Friday, 29 January 2010

The Assignment

The assignment is to read something like 150 pages of Iain Sinclair's Edge of the Orison. I've made it to page 45. I've been hearing about this book since week 1, way back in October. It's been held up as a shining example of psychogeography, as a text we're to explore in this module on nature writing and the wild east. With all the build up, I didn't expect to dislike it as much as I do, especially since I've so thoroughly enjoyed so much of the rest of it. This book is a bit like torture.

I think it's the kind of book that means the most to the academics who pour through it, extrapolating references obvious and obscure and digging deeper into it. If all references uncovered were intentionally, then Mr. Sinclair is either insane or my first sentence is wrong and this book means more to him than it could possibly mean to anyone else. If it's the latter, then he needs to get a life.

I feel like I'm reading something out of the beatnik era. Something William Burroughs on drugs-ish, if you know what I mean. Maybe this is an amazing text, but without the time to spend doing years of research drawing connections and figuring out what he's talking about, I'm going to chalk it up to being unenjoyable, stream of consciousness-esque, and disjointed. Call me a lazy reader, but I do enjoy having a sense of what's going on in the things I read.

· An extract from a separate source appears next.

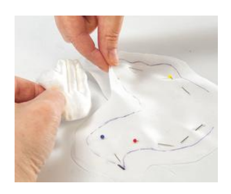
Fabric cuts of the silk pigeon sew together on the left side, turn it over, stuff it with filling cotton wool.

Write "just married" in the sheet with the line-ex pen and write "just married" with the Pearl Follow Pen. Glue an approx. 22 x 3 cm large firm cardboard centrally behind the heart. Then fix the pigeons on the right and left from heart on the cardboard. Finally, glue small mistletoe twigs or some boxwood from the garden to the heart and place small satin bows on top.

Might I think of this text differently if I were to come across it in the future? Absolutely. Might I think of it differently if I had the entire term to uncover the meanings woven into each sentence? Absolutely. Might I like it better if that were the case? It is possible. Am I going to devote anymore time to it at this point? Not a chance. I'll just put it aside, think of it as Mr. Sinclair's little inside joke, and move on to Henry David Thoreau, a man, I believe, who is more interested in making sense and engaging the reader in conversation.